Controversy can be a crazy thing in Hollywood. Sometimes it can bring a whole lot of money to a film and sometimes it can hamper any success that film is set to have. The trick is finding that balance somewhere in between, so that the film is praised for what it is and also makes enough money for the producers to call it a success. Any subject in or around 9/11 certainly falls right in-line with this notion, but simply forgetting is not the answer. Do that and you punish the heroes and victims from that day, so instead, why not take pride in stories like the one in “World Trade Center?” Because it displays the true essence of what makes our country so great and why it’s once again my pick for this very week in September.

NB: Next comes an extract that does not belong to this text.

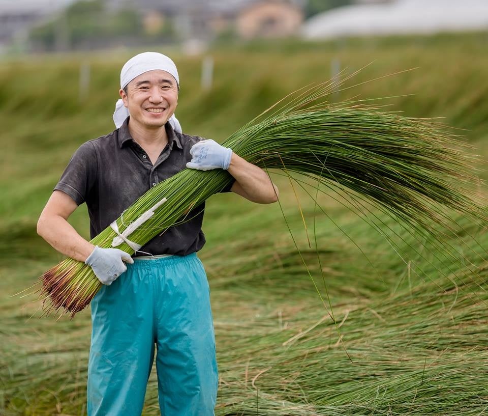 それは、青木畳店 代表青木信男氏が、今年のい草・畳表品評会で農林水産省を受賞した、い草・畳表製織農家の入手困難な畳表を使用した手作りのトロフィーです。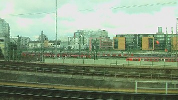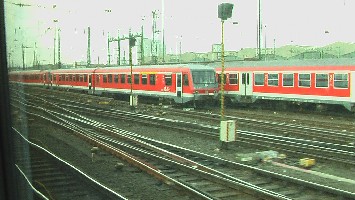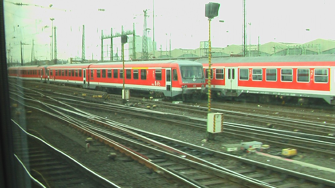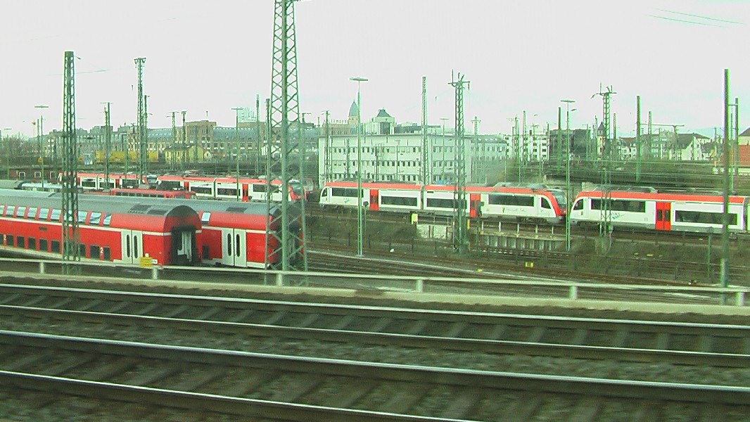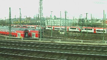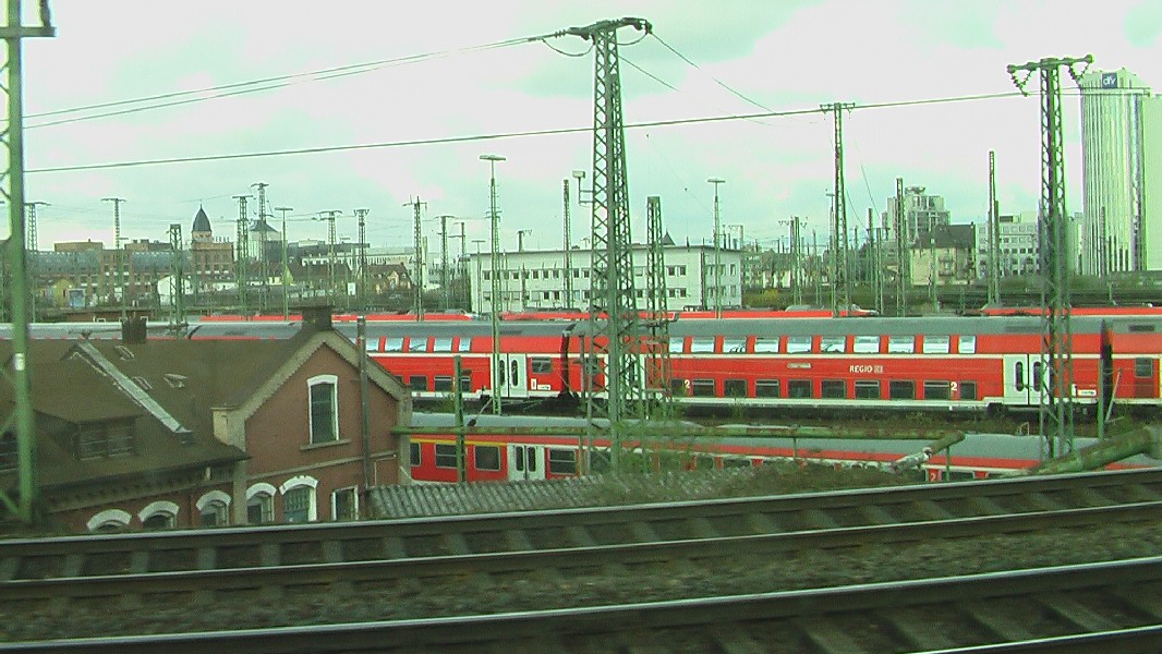 und biegt am Gleisdreieck beim Stadion in Richtung Niederrad ab. Daher kommt man "von hinten" zum Hauptbahnhof und überquert die große Abstellanlage.

The story here, which many people still don’t realize, revolves solely around the rescue of two brave Port Authority police officers, who became trapped under the World Trade Center rubble during the 9/11 attacks. It was a typical morning for John McLoughlin (Nicolas Cage) and William J. Jimeno (Michael Pena), two Port Authority police officers assigned to lower Manhattan, but as the early morning dew started to fade, their lives, as well as the entire country’s, were about to change in one unimaginable way. Shortly after heading off to their morning assignments, a plane crashed into the World Trade Center Tower 1, creating a buzz like no other and one certainly none of these Port Authority officers and Sgt. McLoughlin have seen in some time, if at all. After randomly selecting a team of seven to eight officers, McLoughlin and co. head down to see what was going on. However, right before they get to the site they get word of as second plane crashing into Tower 2, making this trip one they would never forget. The plan once on site, naturally, would be to go in and attempt to rescue as many people as possible and for that, he called on volunteers. Out of the group, only a handful stepped forward, but not too soon after they were inside, the building collapsed leaving them buried underneath a pile of very heavy rubble. After sustaining a second collapse, the only two survivors left were Sgt. McLoughlin and Jimeno, who somehow manage to talk and keep each other alive long enough to be rescued in the most unlikely of ways, considering the mess left behind from the fall of the Twin Towers.
I think when you’re dealing with true real-to-life stories, choosing the appropriate actor can be a daunting, but very rewarding task. With that said, director Oliver Stone did well here with Nicolas Cage, as he seemed to fit right into his role as Sgt. McLoughlin. And Cage didn’t overpower anyone else, given most of everyone he was working with was relatively unknown with the exception of Maggie Gyllenhaal and maybe Maria Bello, who each made an impact when given the opportunity. Everyone else fell into their roles without issue given the extreme emotion and intense nature of the story. Nevertheless, it takes a cast that is willing to set aside their own thoughts and beliefs and just do it for the people, or heroes in this case, and I think there’s no doubt that’s what happened here.
Despite what has been written since 2001 about 9/11 and the numerous films on around the tragic day, I still feel “World Trade Center” is a forgotten story. Maybe it was because Oliver Stone was the man behind the camera as some felt he would bring his patented agenda to this story, which is ludicrous to me. Sure, the guy has had his way in Hollywood on controversial topics, but I think his motives have always been in the right place. And with this film, he certainly was careful and respectful to the families involved or impacted that horrific day, despite all the negative reports and slack he received during and after the shoot. Fact is, Stone did a good job here with some of the most intense and emotional scenes you’ll ever see in such a small frame. And he did this by keeping just the right balance of patriotism and heartache, never going over the top with anything, which is tough to do given the subject matter. Using only real footage from 9/11, cut with flashbacks and the current shots, he was able to mold everything together perfectly and respectfully, showing he does have some class behind that rough exterior.
No matter where you stand on the whole 9/11 subject, I think the one thing that gets lost a lot are the stories like the one in “World Trade Center,” which can be found on DVD at your local retail outlet or online at Netflix.com. And that’s a shame, considering its stories like these that make our country what it is and I truly believe that’s all Oliver Stone wanted to do with this film.